Data_fatalities_aggregate_nonzero <- sqldf("select * from Data_fatalities_descending where FATALITIES>0")
Data_fatalities_aggregate_nonzero_top10 <- head(Data_fatalities_aggregate_nonzero,n=10)

2B-Data Analysis for INJURIES by Event Type

Data_injuries_aggregate<-aggregate(list(INJURIES=raw_data$INJURIES), by=list(EVTYPE=raw_data$EVTYPE),sum,na.rm = TRUE)


# Data Injuries Desending
Data_injuries_descending <-arrange(Data_injuries_aggregate,desc(INJURIES))


# Data Injuries remove non zero
Data_injuries_aggregate_nonzero <- sqldf("select * from Data_injuries_descending where INJURIES>0")

#Select Top10 Injury Events
Data_injuries_aggregate_nonzero_top10 <- head(Data_injuries_aggregate_nonzero,n=10)

2C-Data Analysis for PROPERTY DAMAGE by Event Type

library(plyr)
library(dplyr)
library(ggplot2)
library(gridExtra)
Data_economic_impact <- select(raw_data,COUNTYNAME,STATE,EVTYPE,PROPDMG,PROPDMGEXP,CROPDMG,CROPDMGEXP)

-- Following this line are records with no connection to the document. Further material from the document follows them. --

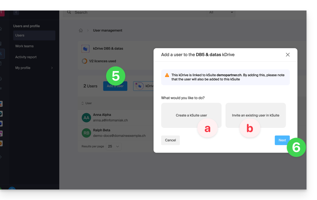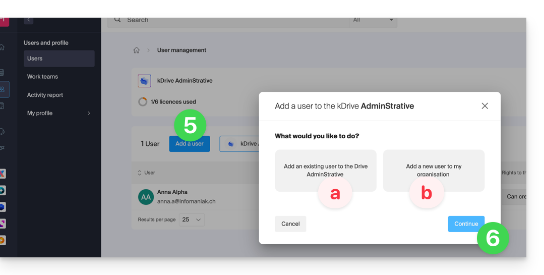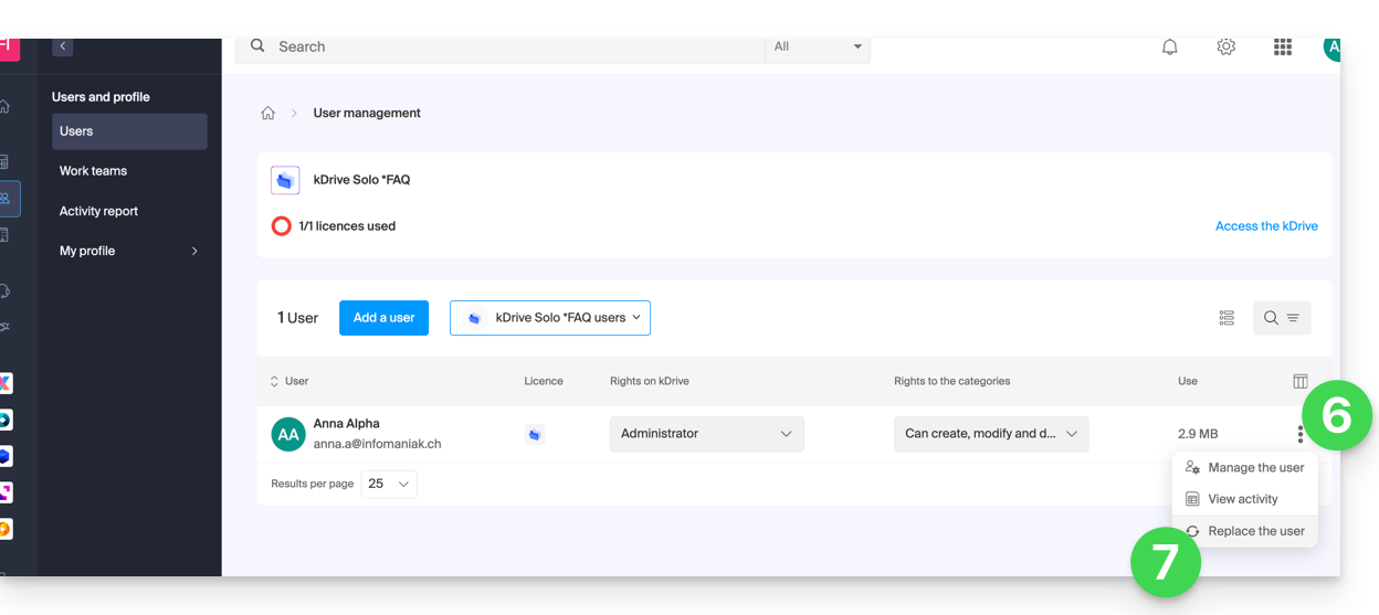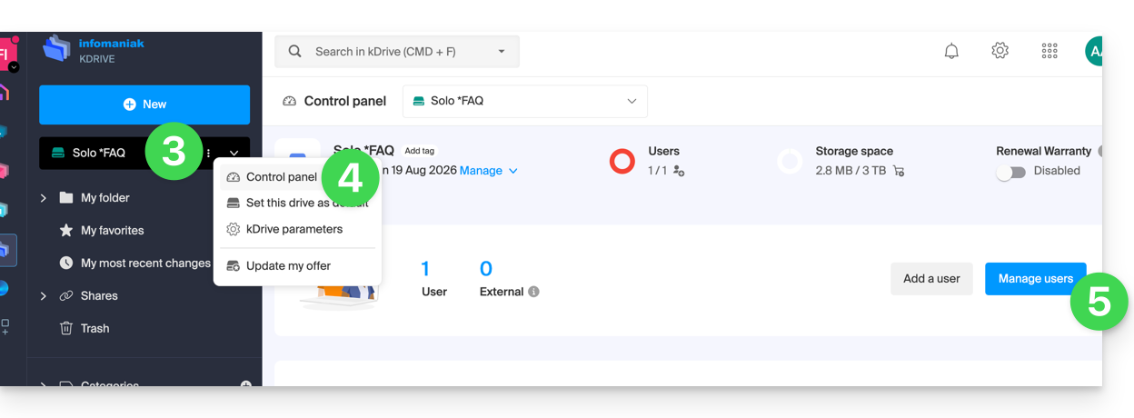 - Possedere un'offerta kDrive con un numero sufficiente di utenti disponibili (bisogno di aiuto?).
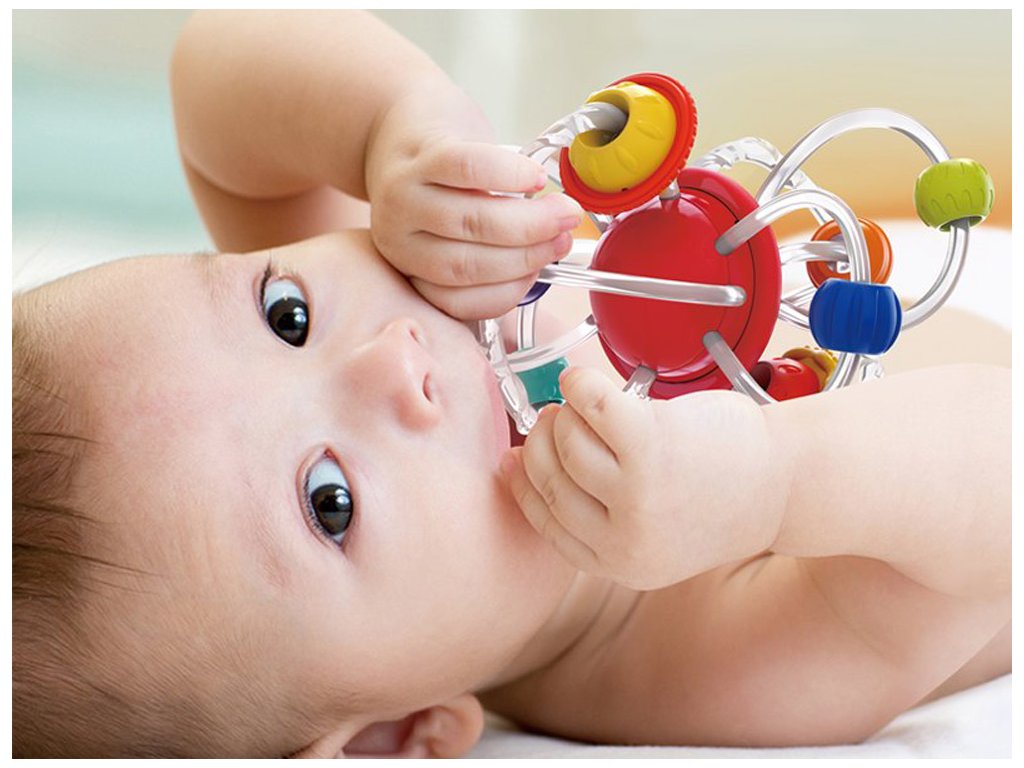 Kousátko má zvláštní využití, když miminko potřebuje masírovat svá bolavá dáseň. Díky rozmanitým výstupkům na orbitách a silikonovým trubicím si dítě může uklidnit svá podrážděná, bolavá dáseň žvýkáním různých částí hračky. Kousátko povzbuzuje k hrám díky barevným orbitám, otáčející se planetě a snadno uchopitelným silikonovým trubicím. Díky pružným prvkům si dítě hravě udrží hračku v rukou. Barevné orbity umístěné na ohebných spirálách se snadno posouvají po hračce.
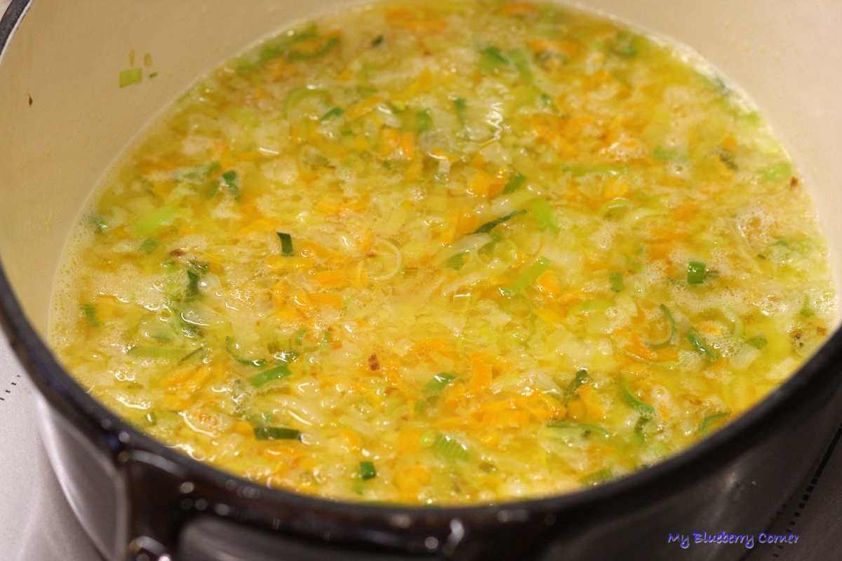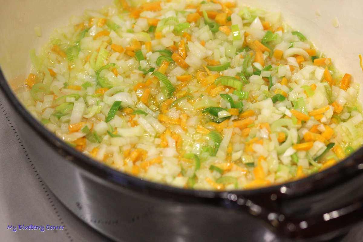W tym czasie, w żeliwnym garnku lub brytfannie rozgrzać masło, wsypać marchewkę, cebulę, czosnek i pora.

  propdmg <- Data_economic_impact[raw_data$PROPDMG>0,] # filter out Data without any Property damage from the Dataset
  
  for (i in 1:nrow(propdmg)){
    tmp <- propdmg$PROPDMGEXP[i]
    mul <- propdmg$PROPDMG[i]
    if (tmp  %in% c('h', 'H'))
      propdmg$actualpropdmg[i] <- mul * 100
    else if (tmp %in% c('k', 'K'))
      propdmg$actualpropdmg[i] <- mul * 1000
    else if (tmp %in% c('m', 'M'))
      propdmg$actualpropdmg[i] <- mul * 1000000
    else if (tmp %in% c('b', 'B'))
      propdmg$actualpropdmg[i] <- mul * 1000000000
  }

  propdmgSum <- aggregate(list(actualpropdmg=propdmg$actualpropdmg), by=list(EVTYPE=propdmg$EVTYPE),sum,na.rm = TRUE)
  
# Arrange data in descending order
  
  Propdmgsum_descending <-arrange(propdmgSum,desc(actualpropdmg))
  
# Select top10 events with highest property damage
  
   top_propdmg <- head(Propdmgsum_descending,10)

2D-Data Analysis for PROPERTY DAMAGE by Event Type

   cropdmg <- Data_economic_impact[raw_data$CROPDMG>0,] # filter out Data without any Property damage from the Dataset
   
   for (i in 1:nrow(cropdmg)){
     tmp <- cropdmg$CROPDMGEXP[i]
     mul <- cropdmg$CROPDMG[i]
     if (tmp  %in% c('h', 'H'))
       cropdmg$actualcropdmg[i] <- mul * 100
     else if (tmp %in% c('k', 'K'))
       cropdmg$actualcropdmg[i] <- mul * 1000
     else if (tmp %in% c('m', 'M'))
       cropdmg$actualcropdmg[i] <- mul * 1000000
     else if (tmp %in% c('b', 'B'))
       cropdmg$actualcropdmg[i] <- mul * 1000000000
   }
   
   library(plyr)
   #cropdmgSum <- ddply(propdmg, .(EVTYPE), summarize, propdmg = sum(actualpropdmg))
   
   cropdmgSum <- aggregate(list(actualcropdmg=cropdmg$actualcropdmg), by=list(EVTYPE=cropdmg$EVTYPE),sum,na.rm = TRUE)
   
   # Arrange data in descending order
   
   cropdmgsum_descending <-arrange(cropdmgSum,desc(actualcropdmg))
   
   # Select top10 events with highest property damage
   
   top_cropdmg <- head(cropdmgsum_descending,10)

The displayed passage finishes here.